It is highly recommended that at the very least a column_filter is supplied with this rule.
SandPaper().translate_date({
'%Y-%m-%d': '%Y',
'%Y-%m': '%Y',
'%Y': '%Y'
})
| Input | Output |
|---|---|
| 2017-01-32 | 2017 |
| 2017-01 | 2017 |
| 2017 | 2017 |
Record Rules¶
These rules are applied to every record regardless to most rule filters documented in Rule Filters.
add_columns()¶
Adds a column to every record.
The given dictionary should be a key value pairing where the key is a new column name and the paired value is either a callable, string, or other low level data type for the newly added column’s value. If the value is a callable it should expect to receive the record as the only parameter and should return the value desired for the newly added column.
import uuid
def gen_uuid(record):
return uuid.uuid4()
SandPaper().add_columns({
'uuid': gen_uuid
})
| Before | ||
|---|---|---|
| id | name | value |
| 1 | hello | world |
| 2 | test | table |
| After | |||
|---|---|---|---|
| id | name | value | uuid |
| 1 | hello | world | a6a76896-c33d-4654-afdf-12aa80dd6238 |
| 2 | test | table | b1e171c2-fee9-4270-96e9-4853c3a6e130 |
remove_columns()¶
Removes a column from every record.
SandPaper().remove_columns([
'name'
])
| Before | ||
|---|---|---|
| id | name | value |
| 1 | hello | world |
| 2 | test | table |
| After | |
|---|---|
| id | value |
| 1 | world |
| 2 | table |
keep_columns()¶
Removes all other columns for every record.
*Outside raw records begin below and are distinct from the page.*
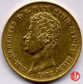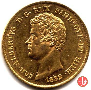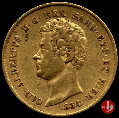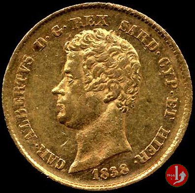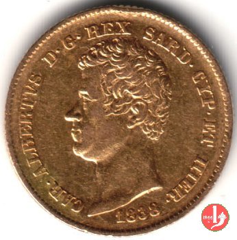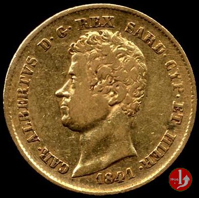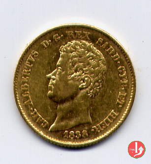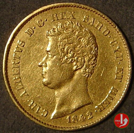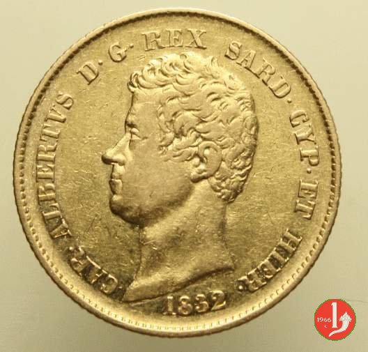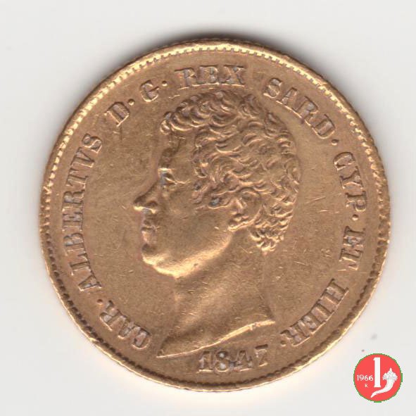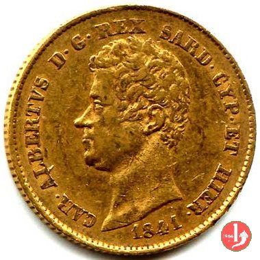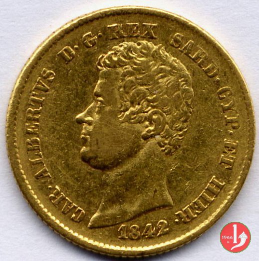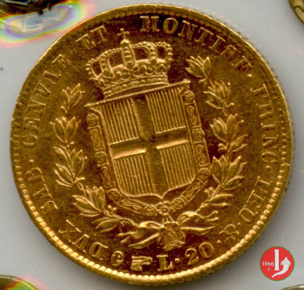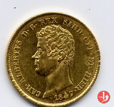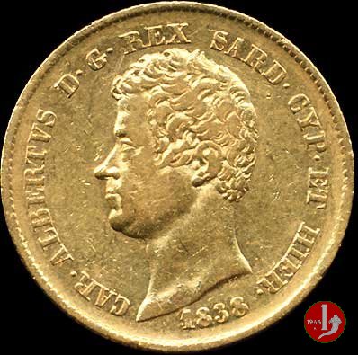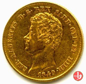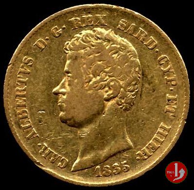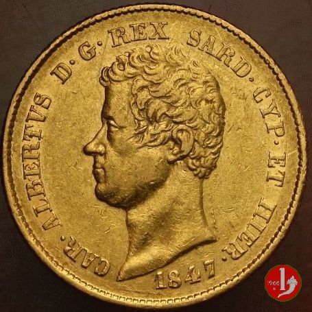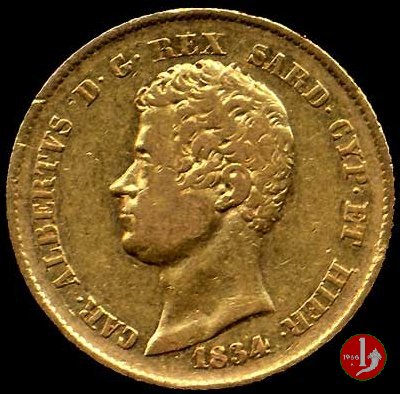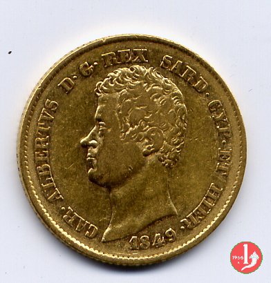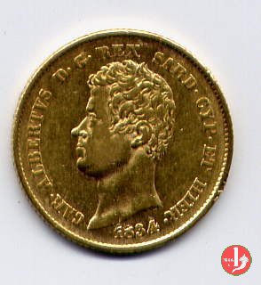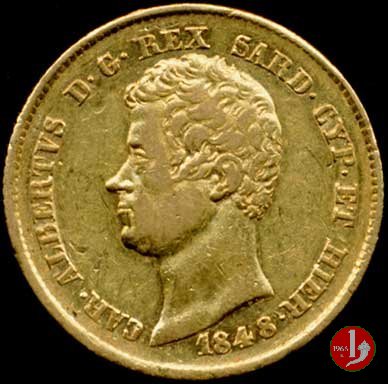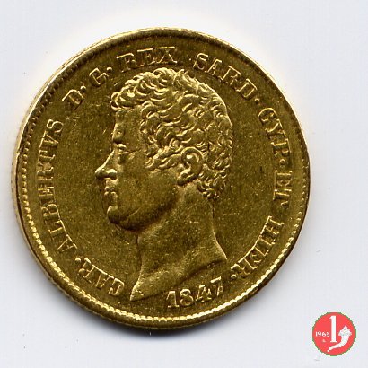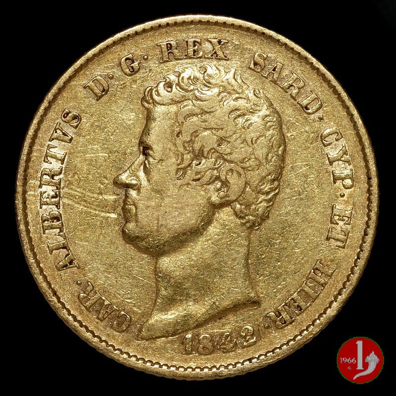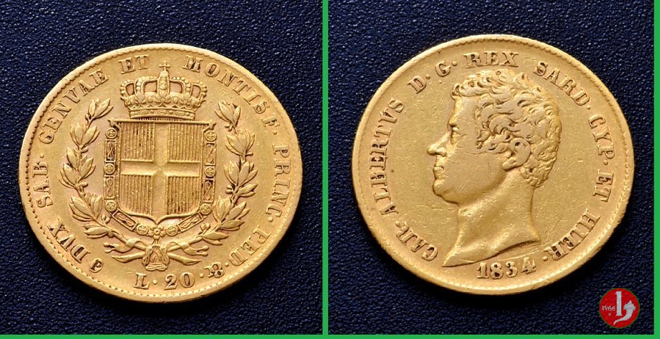 Testa del Re a sinistra, al di sotto della quale si trova il millesimo. Lungo il bordo, CAR • ALBERTVS D • G • REX SARD • CYP • ET HIER •. Sul taglio del collo indicazione dell'autore (F per Ferraris). Stemma con croce Sabauda sovrastato da Corona Reale e fregiato dal collare dell'Annunziata tra rami di lauro. Lungo il bordo: DVX SAB • GENVAE ET MONTISF • PRINC • PED • & •. In basso, da sinistra a destra, segno di zecca e indicazione del valore (L • 20).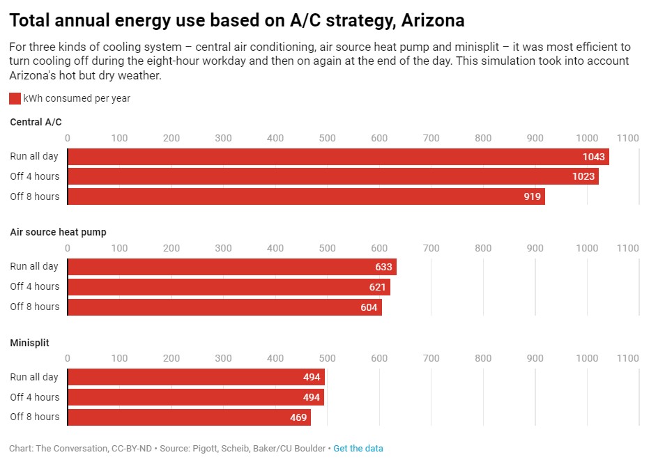 We are a team of architectural and building systems engineers who used energy models that simulate heat transfer and A/C system performance to tackle this perennial question: Will you need to remove more heat from your home by continuously removing heat throughout the day or removing excess heat only at the end of the day?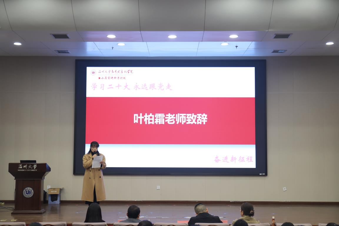 比赛伊始,学院党委副书记叶柏霜老师进行致辞,总结了黑料不打烊 在过去微课大赛中取得的优秀成绩,并对本次活动表达了殷切的期望,希望选手们在宣讲过程中能讲出三味:讲出马院味,讲好红色教育故事,传承红色精神;讲出时代味,讲好发展成就故事,突出鲜明时代特征;讲出青春味,讲好青春奉献故事,展现青春风采。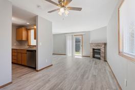 A spacious living room with a sliding glass patio door leads out to the wood deck and enclosed yard. A gas fireplace will keep you warm during those cool winter nights.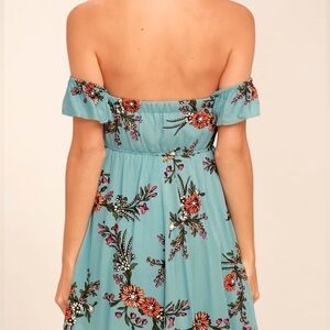 ⭐️Lulu’s, One Sweet Day, Light Blue Floral Print On/Off-the-Shoulder Dress,M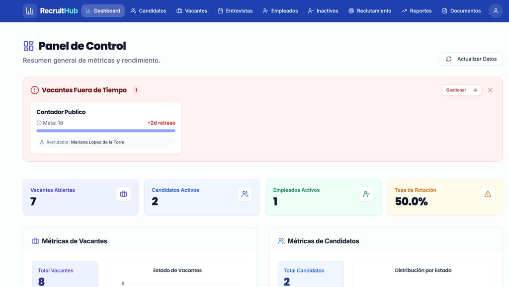De Rotación, Cobertura, Métricas de Candidatos, Mide el rendimiento de tu equipo de reclutamiento, todo en tiempo real y automatizado.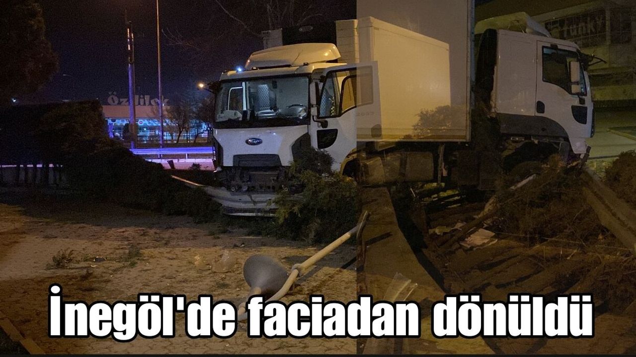 Kaza saat 04.30 sıralarında Bursa-Ankara karayolu İnegöl girişinde meydana geldi. İnegöl'den Bursa istikametine seyir halinde olan sürücü Oktay P. yönetimindeki 10 AJA 901 plakalı kamyon lastiğinin patlaması sonucu kontrolden çıktı. Orta refüjdeki bariyerleri yırtarak karşı yöne geçen kamyon savrularak bariyerlere çarpıp durdu. Şans eseri yaralanan olmadı.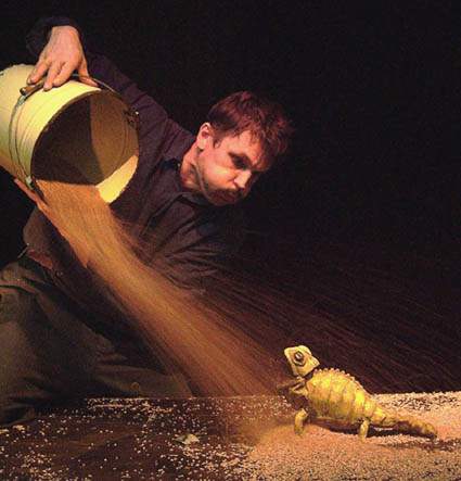 Da gibt es Steine, Eimer mit Sand, Wasser, einen Ventilator zur Winderzeugung. Naturgewalten wie Sandstürme oder Erdbeben werden gespielt wie emotionale Ausbrüche der Natur. Und schließlich wird Leben “erschaffen”. Es gibt Kisten mit Modellfiguren zur Bevölkerung der Landschaften. Schicksale werden inszeniert, Tiergattungen werden geschaffen und gehen wieder unter. Im Vordergrund steht dabei nicht eine bis ins Detail korrekte wissenschaftliche Darstellung der Evolution. Es soll vielmehr ein spielerischer und emotionaler Zugang zu dem Thema geschaffen werden.

SandPaper().keep_columns([
'id',
'name'
])
| Before | ||
|---|---|---|
| id | name | value |
| 1 | hello | world |
| 2 | test | table |
| After | |
|---|---|
| id | name |
| 1 | hello |
| 2 | test |
rename_columns()¶
Renames a column for every record.
SandPaper().rename_columns([
'old_name': 'new_name'
])
| Before | ||
|---|---|---|
| id | old_name | value |
| 1 | hello | world |
| 2 | test | table |
| After | ||
|---|---|---|
| id | new_name | value |
| 1 | hello | world |
| 2 | test | table |
order_columns()¶
Reorders columns from every record.
SandPaper().order_columns([
'value',
'name',
'id'
])
| Before | ||
|---|---|---|
| id | name | value |
| 1 | hello | world |
| 2 | test | table |
| After | ||
|---|---|---|
| value | id | name |
| world | 1 | hello |
| table | 2 | test |